Спрашивается: нужно ли было для Церкви настаивать на включении богословия, да еще как обязательного предмета, в университетский курс? И было ли это на пользу Церкви или наоборот?
Экзамен по богословию считался для всех обязательным. Говорят, проф. Елеонский был при этом чрезвычайно снисходителен, требуя знания чуть ли только не оглавления своего коротенького курса.
Любил (o sancta simplicitas![20]), чтобы его называли «отец профессор» или уже, по крайней мере, «отец протоиерей». Если же кто-нибудь из студентов, притворяясь смиренной, православной овечкой, обращался к своему пастырю, называя его «батюшка», то о. Елеонский быстро парировал:
– Не имел счастья быть знакомым с вашей матушкой!..
Всякие чудаки бывали на свете, даже и на университетских кафедрах!..
Образ добродушного, хотя и пережившего свое время профессора богословия был бы, однако, не полон, если бы я не рассказал об одной детали из его прошлого.
В яснополянской библиотеке я нашел через семь-восемь лет одну брошюру священника Николая Елеонского, в то время профессора Петровской земледельческой академии, под заглавием «О «Новом Евангелии» графа Толстого», Москва, 1889. Обложка этой брошюры украшена следующей «неблаголепной» авторской надписью:
«Несчастному маньяку – Толстому».
Оказалось, попик-то в зрелые годы был воинствующим и даже, мягко выражаясь, довольно развязным клерикалом!..

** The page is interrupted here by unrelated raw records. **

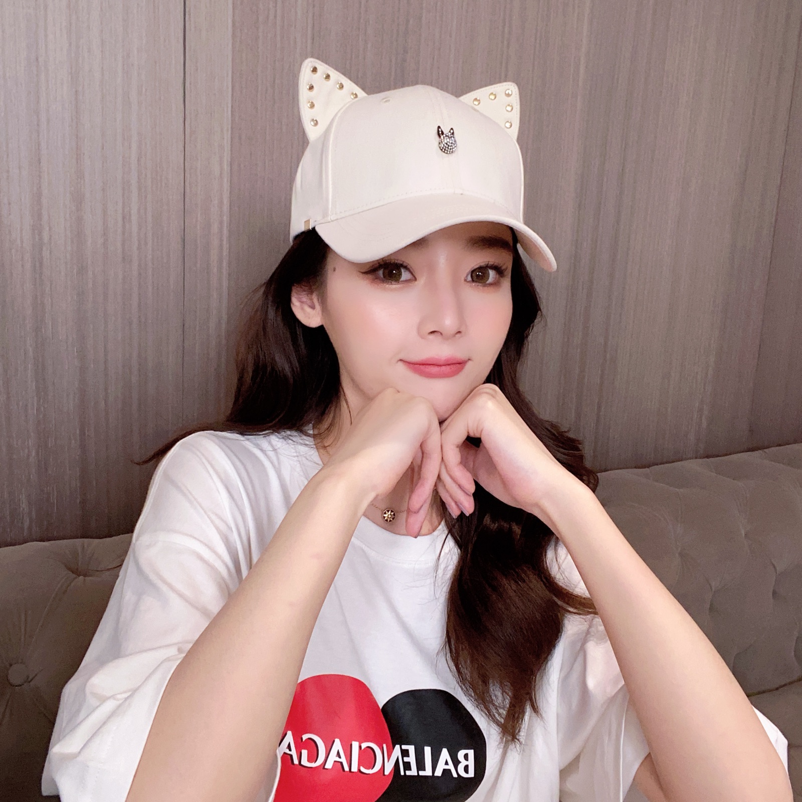 French Customised Duck Tongue Cap Woman White Rivet Cat Ears Cute Expats Small Mesh Red Hat Sweet and Baseball Cap Tide
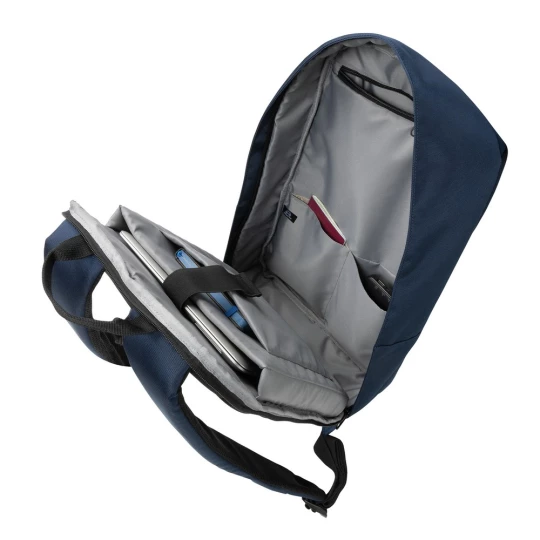 Plecak na laptopa 15,6", przestronna przegroda główna z miejscem na laptopa, 2 kieszenie RFID, zewnętrzna i wewnętrzna część wykonana z poliestru z recyklingu do produkcji którego zostało ponownie wykorzystanych 32,9 butelek PET (500 ml), dzięki zastosowaniu technologii AWARE™ wykorzystane materiały są identyfikowalne z pochodzenia, 2% wpływów z każdego sprzedanego produktu z kolekcji Impact jest przekazywane na rzecz Water.org, nie zawiera PVC
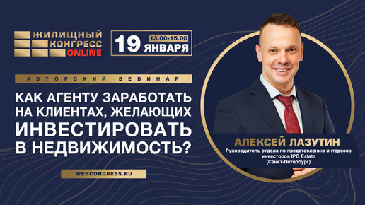 Вебинар «Как агенту заработать на клиентах, желающих инвестировать в недвижимость?»
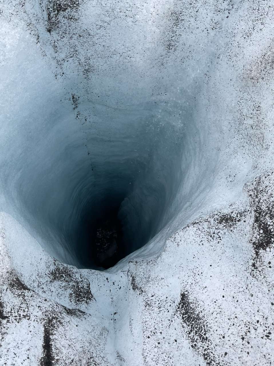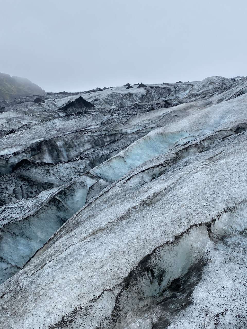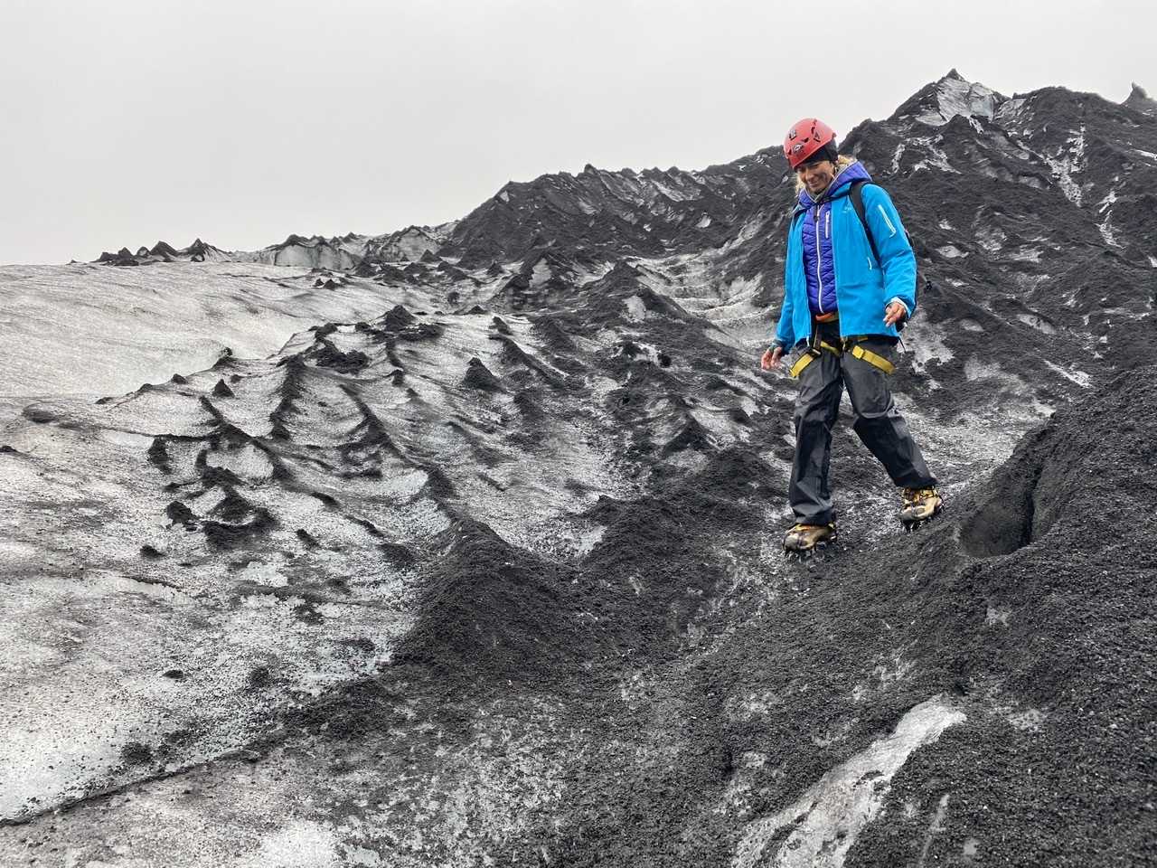 On retrouve même à de nombreux endroits une fois qu’on arrivera sur la partie haute du glacier de grands cônes noirs de cendre qui résultent du fait que l’eau creuse des trous dans le glacier. En tombant, l’eau fait fondre la glace au-dessous et ne laisse dessus que la cendre qui fait des cônes parfaits. Le glacier bouge ensuite et les cônes qui étaient au fond des trous se retrouvent plus tard au-dessus du glacier.

Я очень жалею, что в студенческие годы мне не попала в руки замечательная статья Д. И. Писарева «Наша университетская наука» (1863), которую я прочел гораздо позже и в которой нашел столько общего с моими собственными студенческими переживаниями! Креозотовых и Телицыных21 на кафедрах можно было узнать еще и в мое время… Знай я тогда писаревскую статью, процесс внутреннего расхождения моего с университетом не был бы так мучителен и проходил бы гораздо легче. Опираясь на опыт и моральный пример блестящего русского публициста, я не чувствовал бы себя одиноким. Ближайший мой друг Анатолий Александров на этот раз не мог быть для меня опорой. Правда, он тоже разошелся с университетом, но расхождение это не имело принципиального характера. Он просто не собирался проходить университетского курса, какой бы он ни был. С самого окончания гимназии Толю тянуло в другую высшую школу, школу по особо дорогой для него специальности – специальности музыкальной. Лишь уступая настояниям родителей, которые, подобно многим наивным и самоуверенным представителям буржуазной интеллигенции, убеждены были, что тот, кто не имеет университетского диплома, не человек, поступил Толя в университет (философию он мог изучить и без него). Результат был тот, что, потеряв «даром» или почти даром несколько лет и отказавшись, как и я, от экзаменов, он перешел затем туда, куда влекло его призвание, то есть в консерваторию, которую скоро и окончил по двум специальностям, как теоретик и пианист, – окончил блестяще, с малой золотой медалью: имя его теперь красуется рядом с именами Скрябина, Рахманинова и других выдающихся музыкантов на мраморной доске в вестибюле малого зала консерватории на улице Герцена.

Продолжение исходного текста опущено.